Quatre raisons qui expliquent la baisse de la productivité en zone euro

La zone euro connaît un ralentissement très important de la productivité du travail, depuis 2008, beaucoup plus important que les États-Unis. Cette baisse est un handicap pour la croissance et pour le niveau des rémunérations.

La zone euro a connu un réel décrochage de sa productivité par rapport aux États-Unis depuis trente ans. La productivité par tête n’a progressé que de 20 % en zone euro depuis 1990, contre plus de 80 % aux États-Unis. L’écart s’est creusé au début des années 2000 et après la crise de 2008. Les États-Unis connaissant néanmoins depuis 2019 également une stagnation, voire une diminution de leur productivité.

1 – La baisse de la durée du travail en zone euro

La durée du travail dans la zone euro est en baisse constante surtout depuis 2008, et fortement depuis 2020. Si aux États-Unis, elle est stable depuis trente ans, elle s’est contractée de plus de 10 % au sein des États membres de la zone euro. La crise sanitaire a créé un nouveau décrochage. Moins de salariés européens sont disposés à effectuer un nombre important d’heures et à accepter les emplois avec des horaires décalés. Les entreprises sont contraintes de recourir à un plus grand nombre de salariés pour réaliser un même niveau de production. Ce phénomène induit une baisse de la productivité par tête.

2 – Le recul de l’accumulation de capital

Une accumulation plus faible du capital conduit normalement à moins de gains de productivité. De 1995 à 2022, le stock de capital net hors logement par emploi n’a augmenté que de 35 % en zone euro, contre 120 % aux États-Unis. Le stock de capital net hors logement a ainsi progressé de 60 % en trente-cinq ans en zone euro quand il a augmenté de 150 % aux États-Unis.

3 – Stagnation et refus du progrès technique

L’Europe, continent des grandes découvertes industrielles et des grandes inventions qui ont changé le cours de l’économie à compter du XVIIIe, est devenue réfractaire au progrès technique. Elle est supplantée par les États-Unis et l’Asie. Depuis 2007, la productivité globale des facteurs ne progresse plus en Europe quand elle a progressé de plus de 15 % aux États-Unis. Les métiers scientifiques attirent peu en Europe et tout particulièrement en France où le niveau en mathématiques a connu un déclin sans précédent lors de ces vingt dernières années. La baisse des compétences de la population active est également mise en avant pour expliquer le décrochage de l’Europe mais celle-ci est également constatée outre-Atlantique. Les États-Unis sont en revanche plus en capacité d’attirer les talents extérieurs. Le taux d’emploi de la zone euro s’améliore tout en restant inférieur à celui des États-Unis où, en revanche, il régresse légèrement. Cette évolution devrait être favorable à la productivité européenne mais pour le moment cela n’est pas constaté.

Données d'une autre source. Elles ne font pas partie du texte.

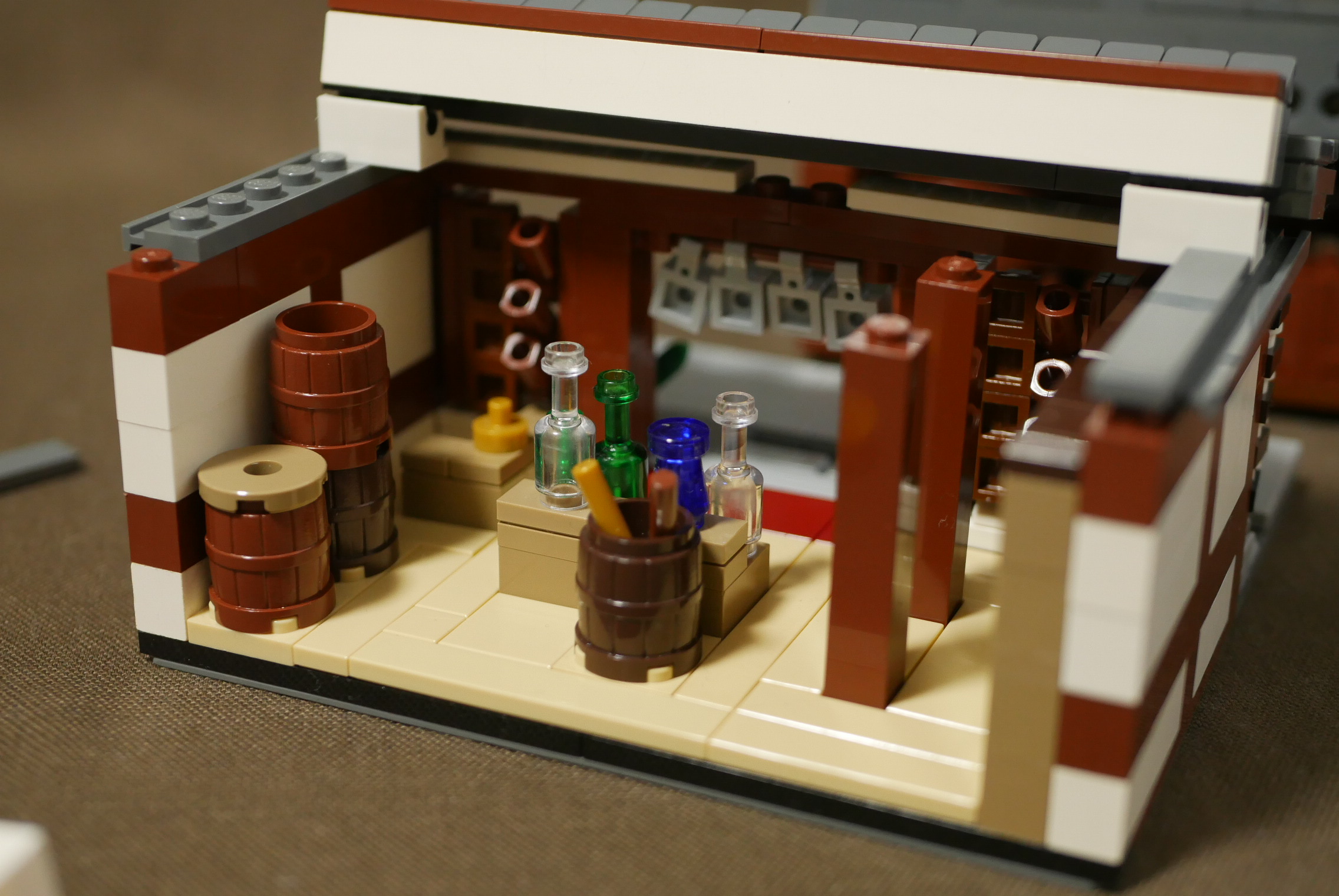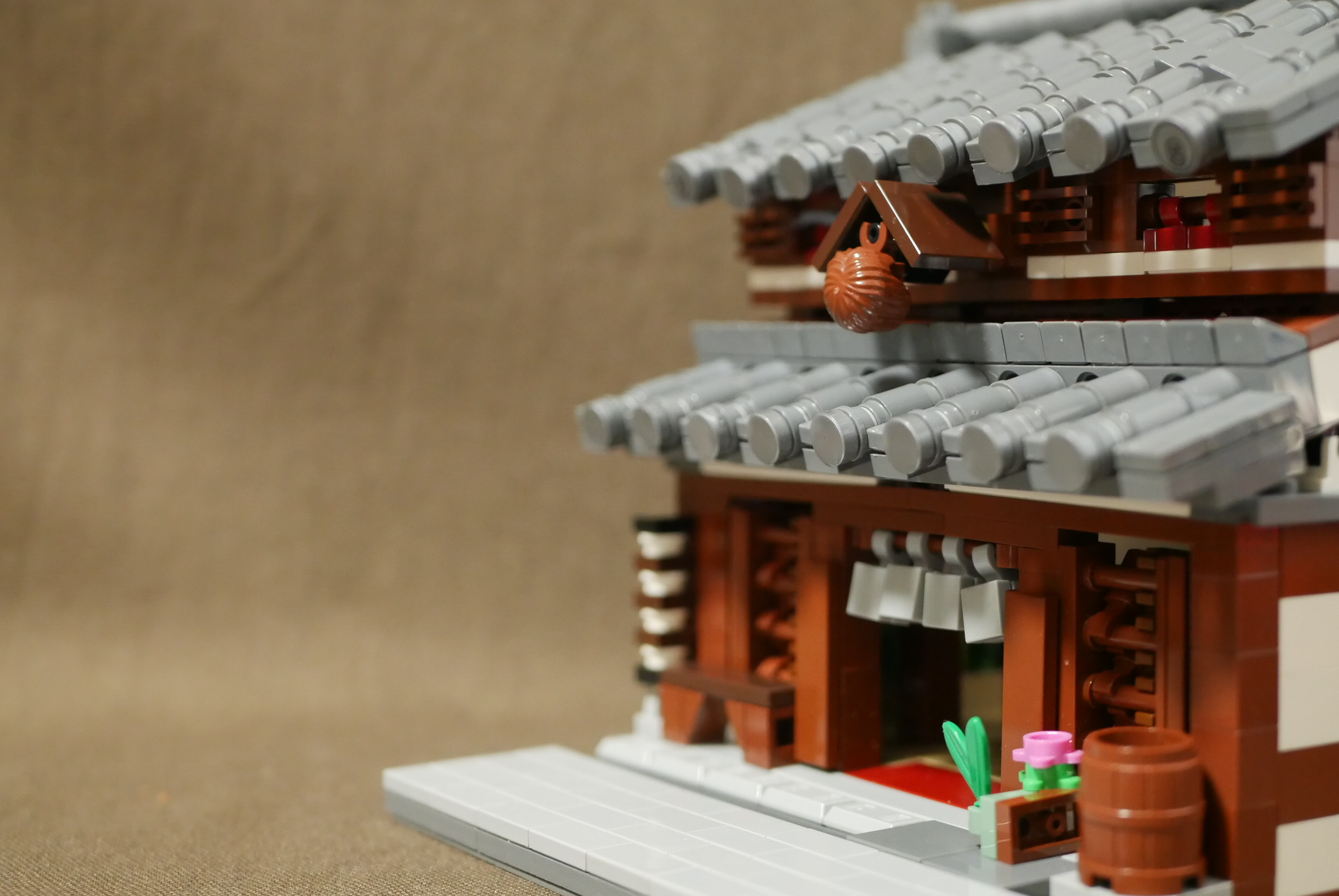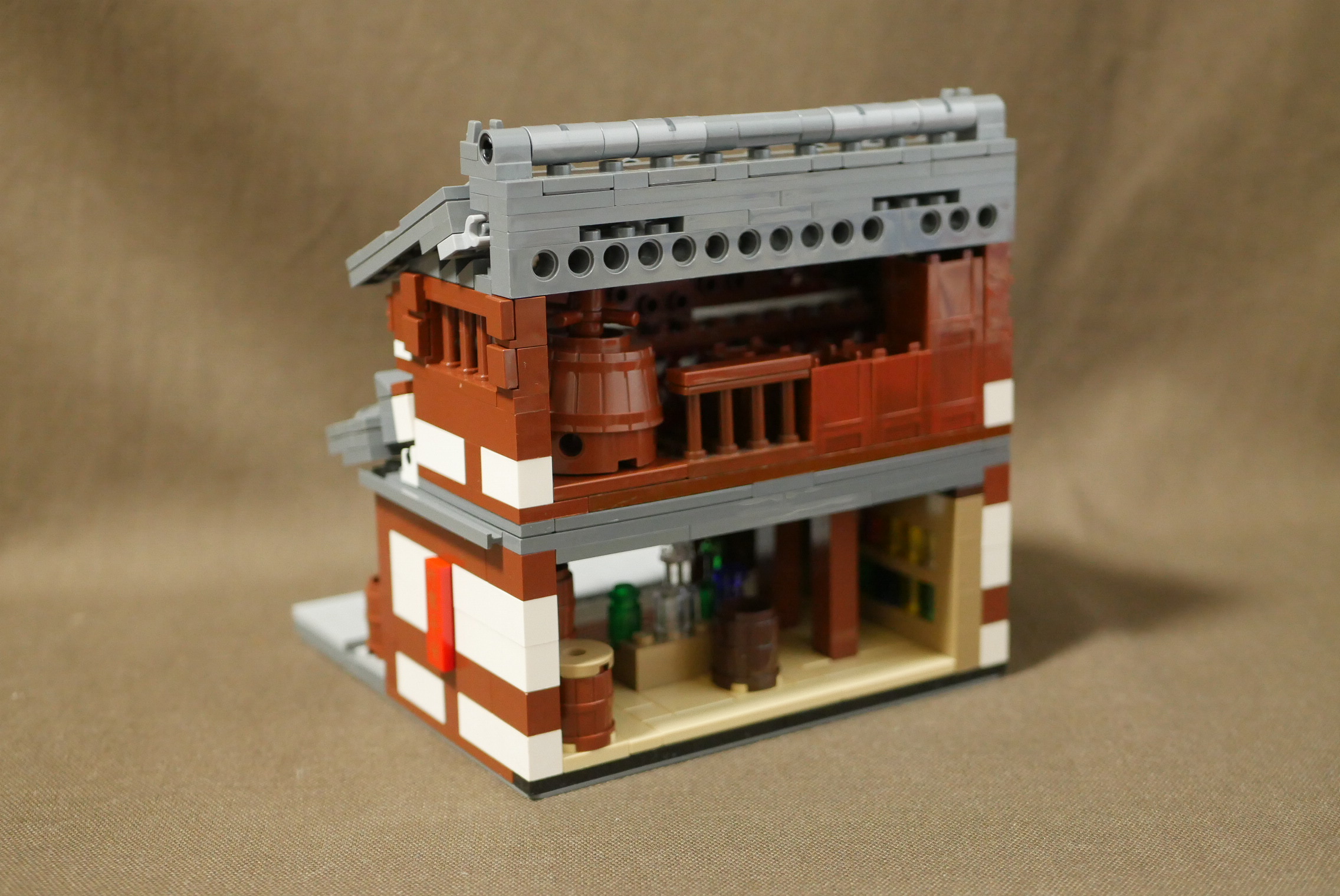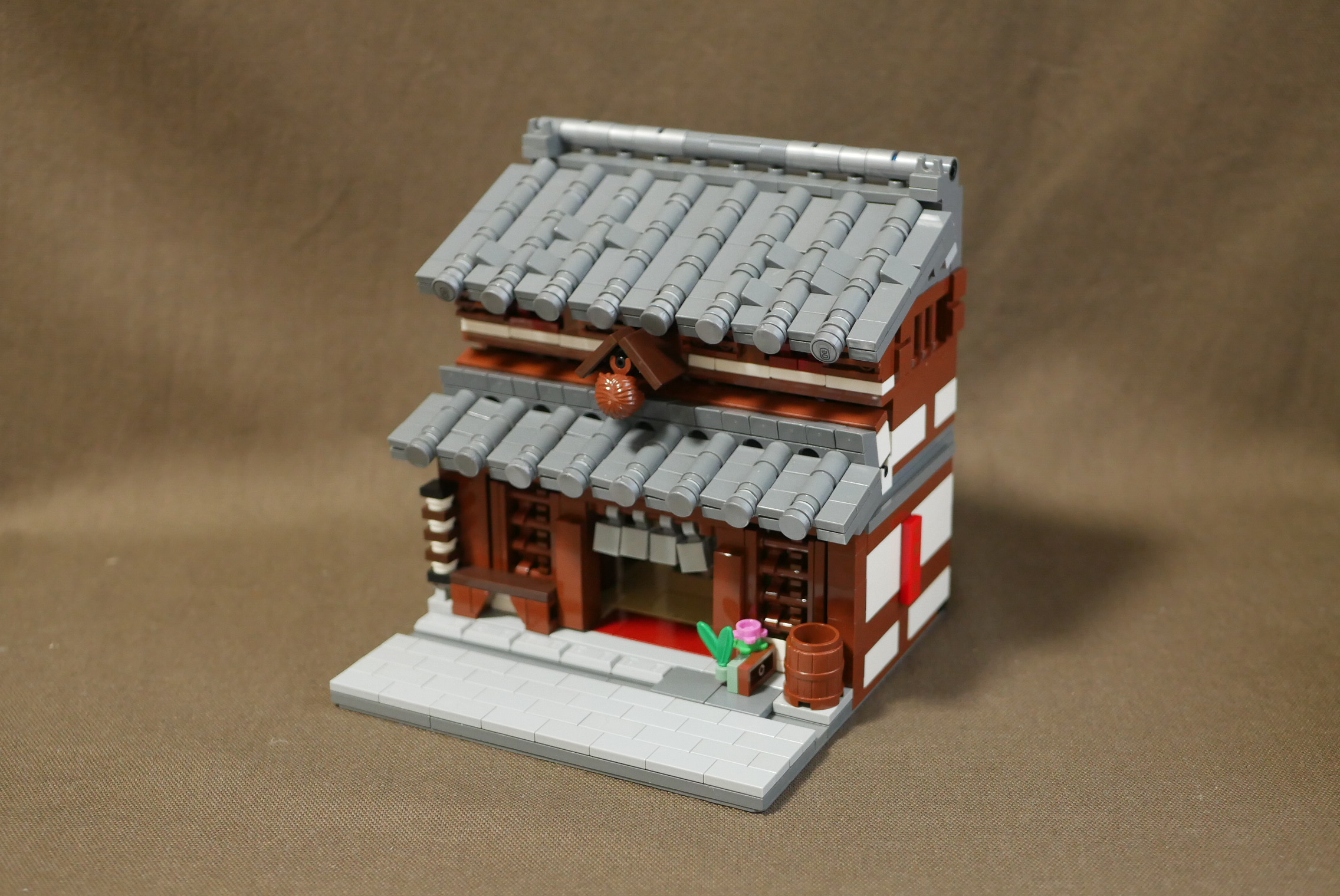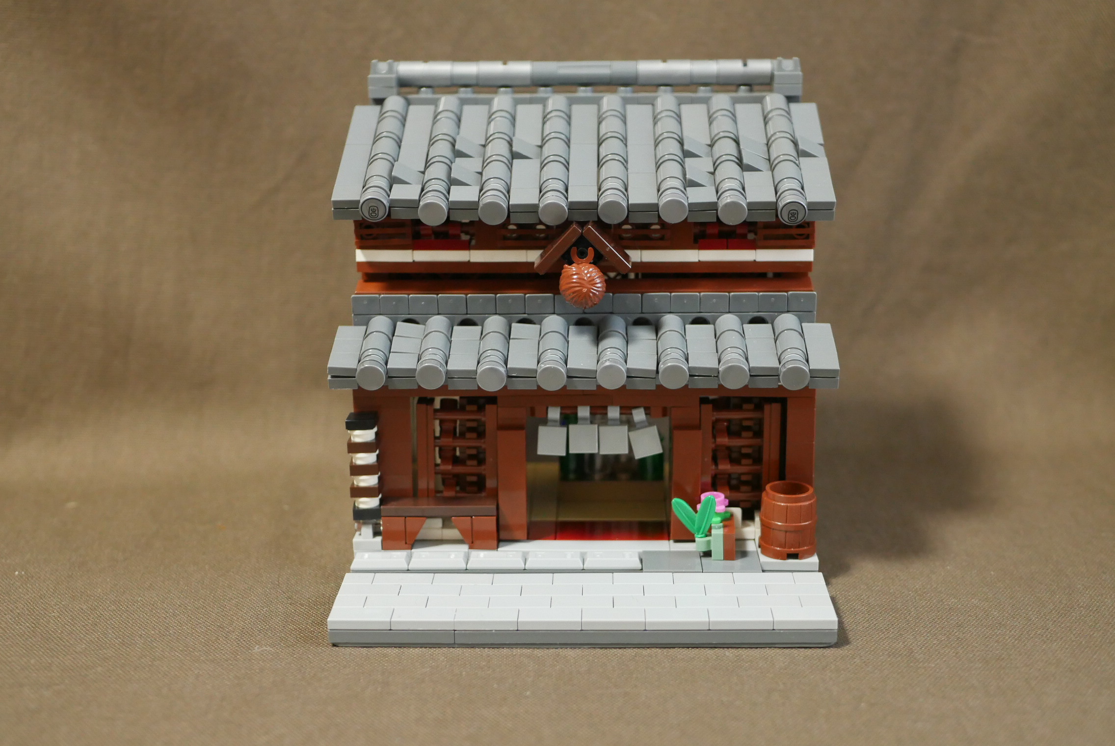 制作期間1日。瓦屋根作りに少々時間がかかり、内装が手抜きなのが残念なところ。やはり1日は無理がありますね。昔見た高山の街にある酒屋をイメージしてつくってみました。オリジナルなので実在はしません。町並みの一角にあるという設定なので、サイドは平面。本当はたくさん建物を並べて4枚目の角度で写真を撮りたいところ。いつか実現させたいですね。

4 – Une structure de production défavorable à la productivité en Europe

Si la structure sectorielle de l’emploi se déforme au profit d’emplois peu qualifiés, peu productifs, les gains de productivité se réduisent. La tertiarisation a été souvent jugée responsable de l’évolution de la productivité. Le développement des emplois dans les services dits domestiques (services à la personne en particulier) ne favorise pas la diffusion du progrès technique. Cette tertiarisation ne saurait expliquer l’écart de productivité entre les États-Unis et l’Europe. L’emploi industriel a diminué plus rapidement outre-Atlantique que sur le vieux continent. En 2021, son poids au sein de la population active était respectivement de 8 et de 13 %. Les emplois de services peu sophistiqués (services à la personne, distribution, hébergement — restauration, loisirs, transports) représentent 33 % des emplois aux États-Unis, contre 31 % en zone euro. Ces dernières années, l’emploi dans les Nouvelles Technologies progresse plus vite dans la zone euro qui rattrape son retard sur les États-Unis. En revanche, en matière de services financiers, l’écart de part et d’autre de l’Atlantique reste conséquent. Les emplois dans ce secteur représentent 6 % de l’emploi aux États-Unis, contre 2 % en zone euro.

En résumé, la zone euro paie l’absence de grandes entreprises dans le secteur des nouvelles techniques de l’information et de la communication. Elle est également handicapée par la fragmentation de son marché en particulier au niveau financier, ce qui limite les capacités de croissance des entreprises européennes.